Despite bipartisan efforts in Congress to rein in the operation—culminating in defunding the office in December 2024—the Biden administration rebranded and revived it under a new name, R/FIMI, and kept much of the same staff and structure in place. That effort has now been fully dismantled.

Under the new directive, all remaining staff—roughly 30 full-time employees—have been placed on leave, and their positions eliminated. The administration has also made it clear the office will not be reconstituted in any form.

Supporters of the move, including free speech advocates and civil liberties groups, say it’s a long-overdue correction to years of unchecked government overreach. They argue that agencies like the State Department should never be in the business of labeling dissent as “disinformation” or colluding with tech platforms to suppress viewpoints.

“Washington’s disinformation warriors weren’t fighting foreign influence—they were blacklisting Americans,” said one senior official. “We’ve shut it down, and we’ve salted the earth.”

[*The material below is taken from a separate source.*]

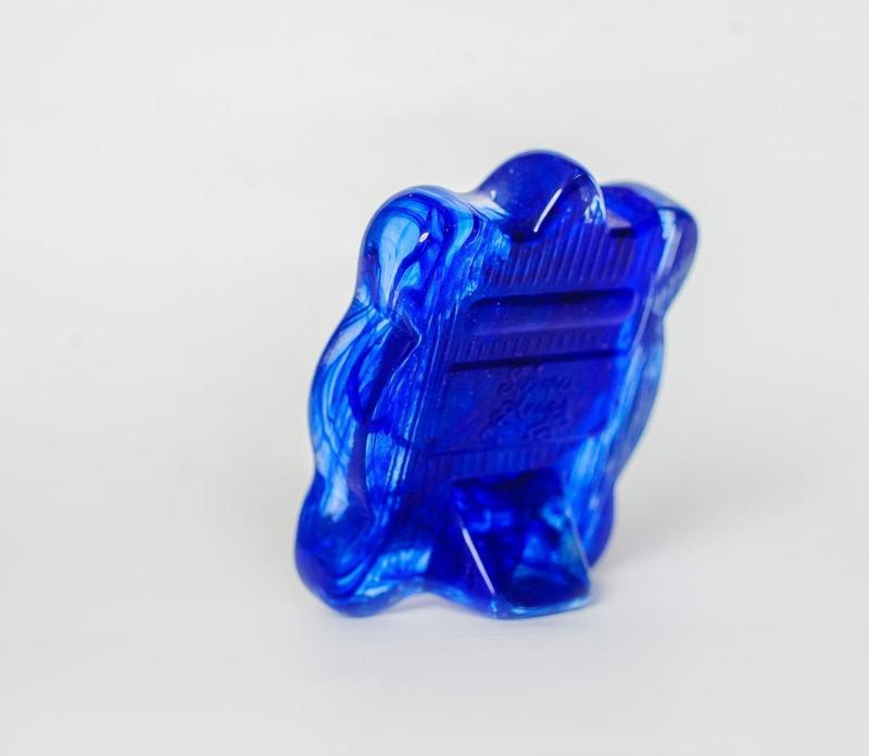 Серебряный оклад закреплен в муранском стекле синего цвета.Ценность муранского стекла состоит в особых секретах технологий его

Not everyone agrees. Former State Department officials and some establishment figures have warned that eliminating the office could weaken efforts to push back against real foreign propaganda from adversaries like China, Russia, and Iran. But the administration maintains that fighting foreign influence must not come at the expense of domestic freedoms.

The office’s closure sends a clear message: government-funded censorship—no matter how it’s packaged—has no place in a free society. Under the Trump administration, the era of bureaucrats using national security as a pretext to silence Americans is over.